In the next few weeks this patient is my biggest challenge. Paperwork is done. The clinic staff have collected baby goods, boots and clothes and even bus tickets, because one nurse found her begging for fare outside the metro. Her CLSC has not yet called. She has almost no food. Her landlord has found someone who will pay more for their miserable little room. He announces that they have to move three days before her due date. So Jaycee moves them to the PRAIDA shelter. I slip her some money, I dream about her, I am leaving on vacation but I hope she delivers before I go.
She comes into L&D early one evening. They call me; she is in latent labour so they will send her home. “No, no, please keep her! She’ll deliver in the metro!” So the nurses and my colleagues agree to admit her. Marie-Maude, one of the veteran Creole-speaking nurses, takes charge of her and she has a safe and easy delivery at 2 a.m. She does, however, miss her preliminary immigration hearing.
Now a few days later, in L&D, it’s change of shift. Jessica takes over the nursing care of my grand multip. “I don’t know why she is still pregnant.” I say to Jessica, after I examine the patient who is progressing, but very slowly. “The head is in a transverse position, maybe that’s what’s holding her up. “
“I have an idea,” says Jessica, eyebrow raised. “Gimme an hour, and we will reassess.”

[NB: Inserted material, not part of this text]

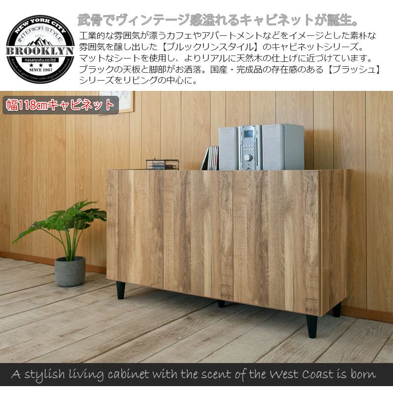 キャビネット幅118cm 完成品 日本製 ナチュラル ヴィンテージ 木製 収納棚 リビング 収納 棚 おしゃれ 扉付き リビングボード テレビボード
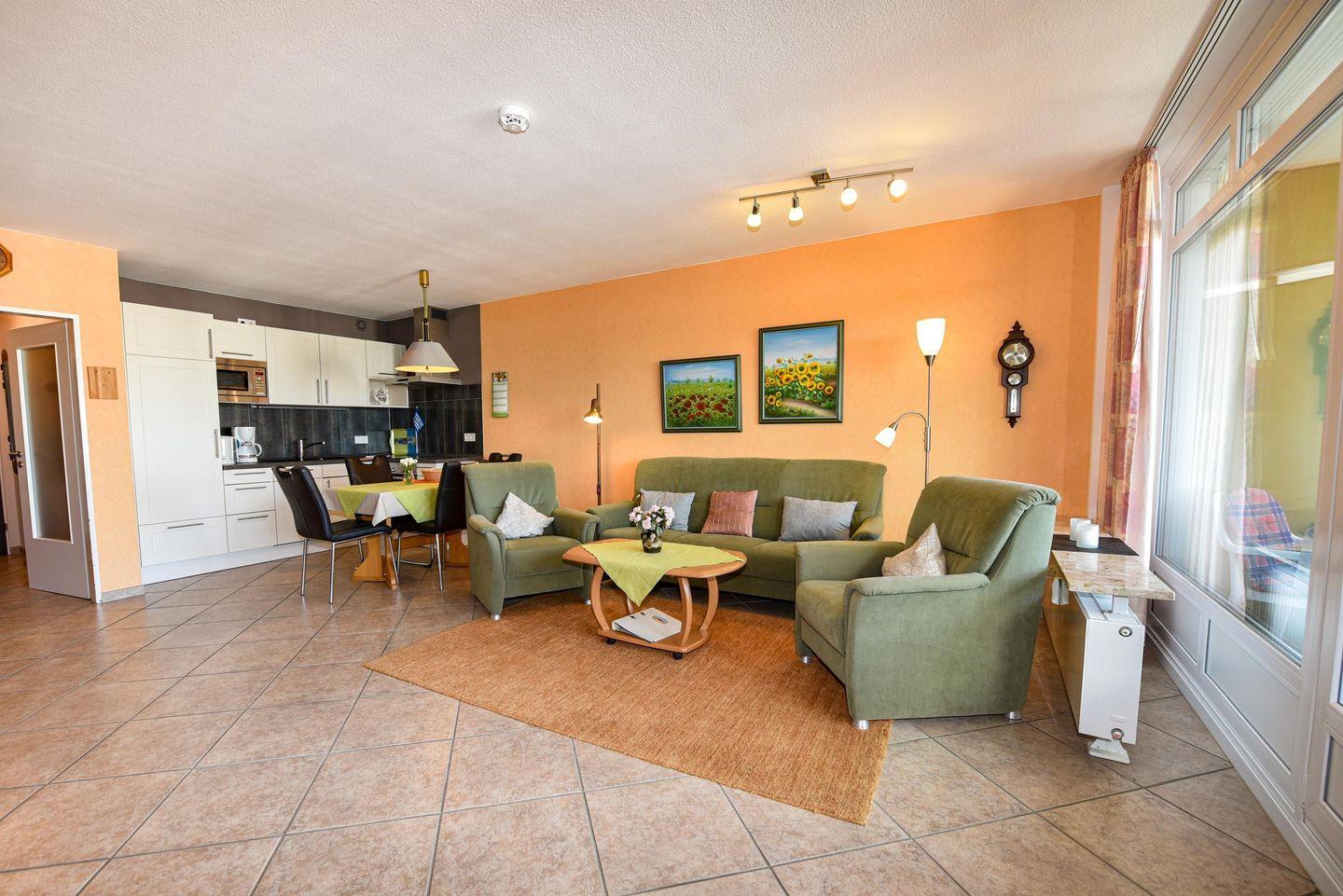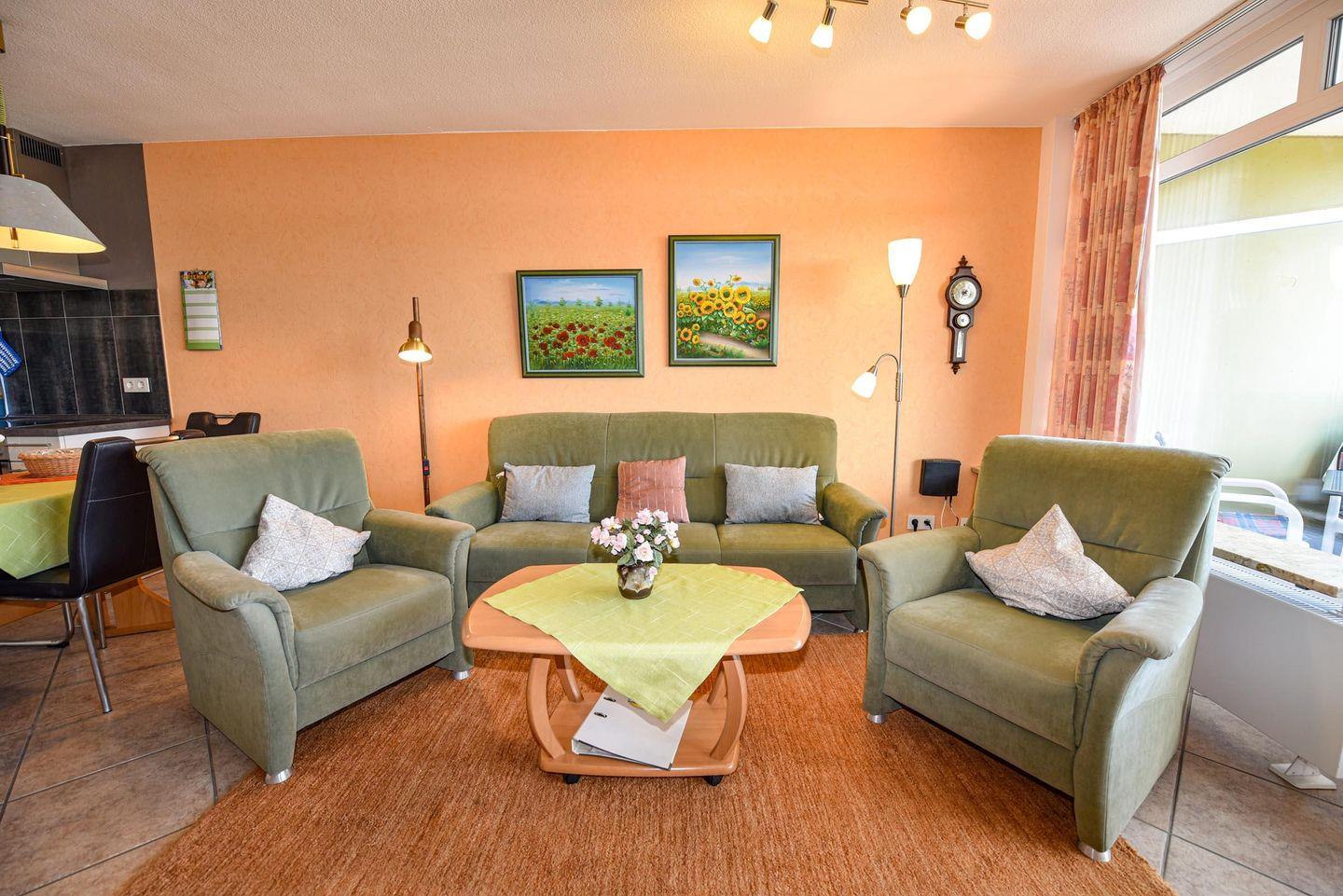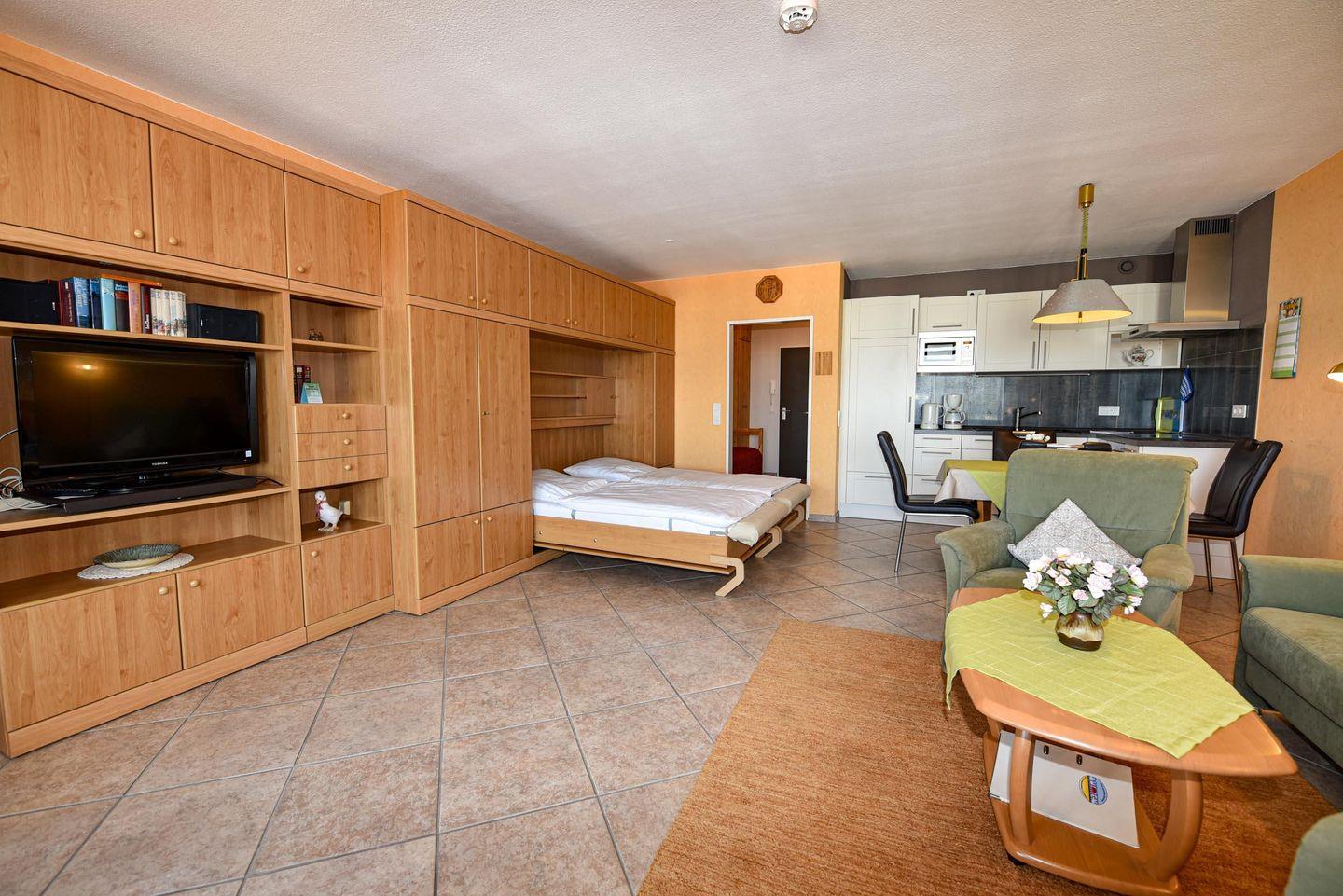 Die Wohnung ist aufgeteilt in einen Wohn-/Schlafraum mit 2 Schrankklappbetten und Küchenzeile mit Kühlschrank, Kaffeemaschine, Wasserkocher, Toaster, E-Herd mit Cerankochfeld, Mikrowelle; Flachbildfernseher und Radio sind vorhanden; Bad mit Dusche und WC; Balkon. Pkw-Tiefgaragenstellplatz.

I am fading now, but I grab some water and some pretzels from the vending machine. Back in the nursing station I see Marie-Maude.
“Allo Cherie,” Marie-Maude comes and gives me a hug. “You look tired.” I appreciate her warm smile. “I am leaving on vacation tomorrow. I can’t even be nice anymore! Thanks for taking care of Madame A, the other night.”
“Oh the poor thing,” says Marie-Maude. “But Cherie, you were nice to her, eh?” I am touched by Marie-Maude’s warmth and support.
At that momentum, I hear a scream and a yell. “Dr. Feldman!”
I dash into the patient’s room. She is kneeling on the bed, her bum facing me. Jessica is holding the head in her hands. “OK, OK, deep breaths, everyone,” I say as I guide Jessica through the rest of the delivery because I have no gloves on.
After this, we are all laughing. Jessica is pleased to have actually done a delivery. The patient is pleased to have had good “warm and heimish” care. I am pleased that these two patients delivered before I left, so I can leave without worrying about them.
I change out of my scrubs, put on my coat and boots, ready to leave for the sun and the beach. Ironically the resort I am going to is on the other side of Hispaniola, the very island my patients have escaped.